Yes I tried that and also experimented with the _simulate endpoint. Sadly no change in result:

{
  "docs": [
    {
      "error": {
        "root_cause": [
          {
            "type": "illegal_state_exception",
            "reason": "analyzer standard throws exception: The number of tokens produced by calling _analyze has exceeded the allowed maximum of [10000]. This limit can be set by changing the [index.analyze.max_token_count] index level setting."
          }
        ],
        "type": "illegal_state_exception",
        "reason": "analyzer standard throws exception: The number of tokens produced by calling _analyze has exceeded the allowed maximum of [10000]. This limit can be set by changing the [index.analyze.max_token_count] index level setting.",
        "caused_by": {
          "type": "illegal_state_exception",
          "reason": "The number of tokens produced by calling _analyze has exceeded the allowed maximum of [10000]. This limit can be set by changing the [index.analyze.max_token_count] index level setting."
        }
      }
    }
  ]
}

Something else just came to my mind: could it be, that the analyzer treats array fields of text as a single text to analyze and therfor my chunking does not have any effect?

Sadly, the error message does not specify on which field exactly the analyzer fails.

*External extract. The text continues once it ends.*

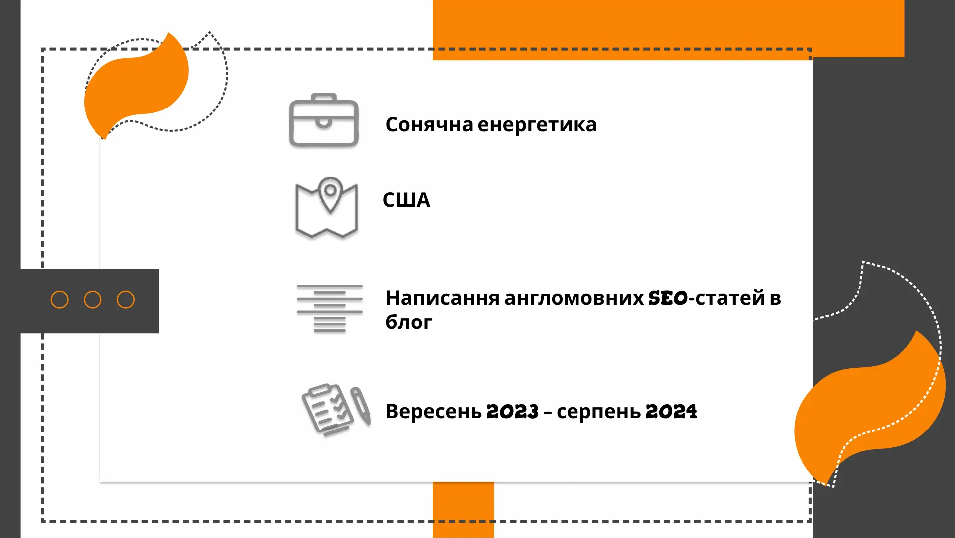 Співпраця розпочалася з розробки англомовного матеріалу на нетривіальну тему – взаємозв’язок сонячних панелей та естетики фасаду. Вже в перші дні копірайтер підготував SEO-текст, заснований на глибокому конкурентному аналізі.

But since I set fulltext to not index and even delete it in my pipeline, I believe it must be fulltext_chunks

@devmoreng I suspect that could be the case. The token limit is present all the time and can’t be disabled. As per the documentation, the default is 384, so chunking happens anyway.

I am currently trying out to limit the amount of tokens analyzed with a custom analyzer, instead of text chunking, but that does not seem to have any effect at all. Can anybody point me in the right direction, how to fix the analyses problem of the token limit?

Now I try with this index settings & mapping, using a custom analyzer with token limit 10.000 on all text fields.

Index settings

    "analysis": {
      "filter": {
        "limit_token_count": {
          "type": "limit",
          "max_token_count": "10000"
        }
      },
      "analyzer": {
        "custom_analyzer": {
          "filter": [
            "lowercase",
            "limit_token_count"
          ],
          "type": "custom",
          "tokenizer": "standard"
        }
      }
    },

Index mappping

  "mappings": {
    "properties": {
      "author": {
        "type": "keyword"
      },
      "date_change": {
        "type": "date"
      },
      "file_size": {
        "type": "long"
      },
      "file_type": {
        "type": "keyword"
      },
      "fulltext": {
        "type": "text",
        "analyzer": "custom_analyzer"
      },
      "is_public": {
        "type": "boolean"
      },
      "keywords": {
        "type": "text",
        "analyzer": "custom_analyzer"
      },
      "language": {
        "type": "keyword"
      },
      "title": {
        "type": "text",
        "analyzer": "custom_analyzer"
      },
      "url": {
        "type": "keyword"
      },
      "vector_embeddings": {
        "type": "nested",
        "properties": {
          "chunk_text": {
            "type": "text",
            "analyzer": "custom_analyzer"
          },
          "knn": {
            "type": "knn_vector",
            "dimension": 768,
            "method": {
              "engine": "lucene",
              "space_type": "l2",
              "name": "hnsw",
              "parameters": {}
            }
          }
        }
      },
    }
  }

I would think thast with this custom analyzer being applied to all text fields, the error should go away. But it doesn’t.